El coche más lujoso y moderno se codea con el borrico de las alforjas y las costumbres más ancestrales conviven con los últimos adelantos. Así es la ciudad de Marrakech que le dio su nombre a Marruecos. La fundó el jefe Almorávide Youssef Ibn Tachfin en el 1062 al considerarla un punto estratégico al lado del Gran Atlas, pero el origen de esta región está vinculado al pueblo berebere. El hijo de este trasladó a la ciudad lo mejor de los pensadores y artistas, la embelleció, desarrollando sistemas de riego y la defendió contra las múltiples tribus que la reclamaban, hasta que el jefe de una de ellas Abd al-Mumin se declaró “príncipe de los creyentes” y se instaló en Marrakech. De esta época procede La Kotubia, hermana gemela de la Giralda de Sevilla. Cenetes y benimerines fueron sucesivas tribus beréberes que rigieron el país. Testigo de la era benimerín es la Madrasa, la más famosa escuela coránica. Con el paso de las tribus, el Reino fue decayendo, hasta la llegada, a mediados del s. XV de los saadies, de origen árabe, constructores del suntuoso Palacio de Badi y las tumbas saadies.
Un toque europeo
El periodo colonial europeo lo protagonizó Francia pero la presencia de españoles y portugueses tuvo gran importancia, legitimándose el “Protectorado de Marruecos” con el Tratado franco-español de Algeciras en el 1906. Conceptos urbanos europeos llegaron a Marrakech con la colonización francesa como el barrio de Gueliz. Se abren bancos y comercios, se levantan hoteles como la famoso “Mamounia” sobre lo que habia sido el Palacio de Mamoun. Francia reconoce la independencia de Marruecos el 2 de Marzo de 1956. Oficialmente Francia dejó Marruecos, pero extraoficialmente nunca lo han abandonado.

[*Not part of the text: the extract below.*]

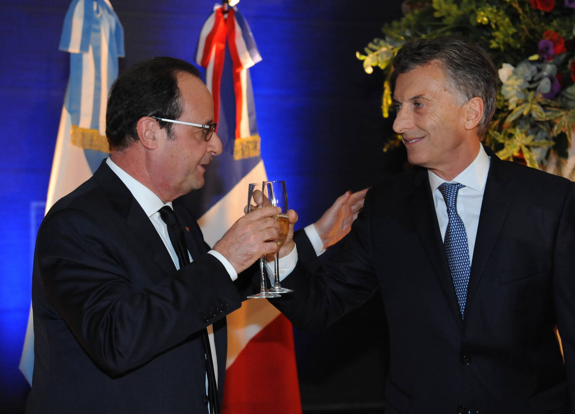 El Presidente brinda con su par de Francia, Francois Hollande, en el Museo del Bicentenario.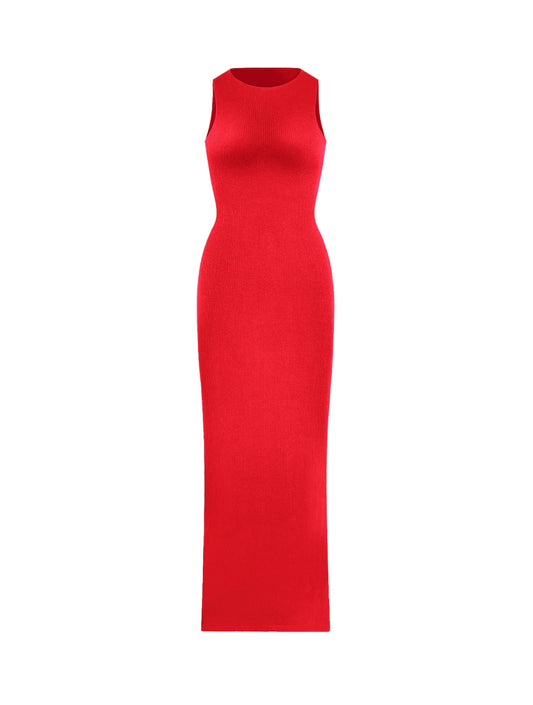 Sukienka Midi Bodycon Shapewear z Krótkimi Rękawami i Rozcięciem

A pocas horas de vuelo sigue siendo un oasis para Europa y una ciudad glamorosa con un encanto especial que la hizo en los años ochenta aparecer en las revistas de lujo, desde que el decorador americano Bill Willis la popularizó con “el concepto Marrakech” mezcla de orientalismo y lujo en la decoración y en la forma de vivir. Jacques Mayorelle también lo sintió así y creó uno de los rincones más pintorescos de la ciudad que tras años de abandono fue recuperado y sacado de nuevo a la luz por Yves Saint Laurent. El afamado modisto instaló allí su casa y levantó un pequeño museo con jardines para el deleite de los visitantes.

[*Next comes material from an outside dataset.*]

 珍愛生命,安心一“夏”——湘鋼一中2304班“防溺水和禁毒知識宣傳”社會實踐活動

Otro rincón tan exquisito como la mansión de Saint Laurent es “La Menara”. Levantada en el 1870 sobre un estanque almohade del s. XII para albergar las citas de los sultanes, tiene un sistema hidráulico que canaliza el agua desde el Gran Atlas.Los tonos pasteles del atardecer realzan su belleza y añaden un toque misterioso a la magia de Marrakech.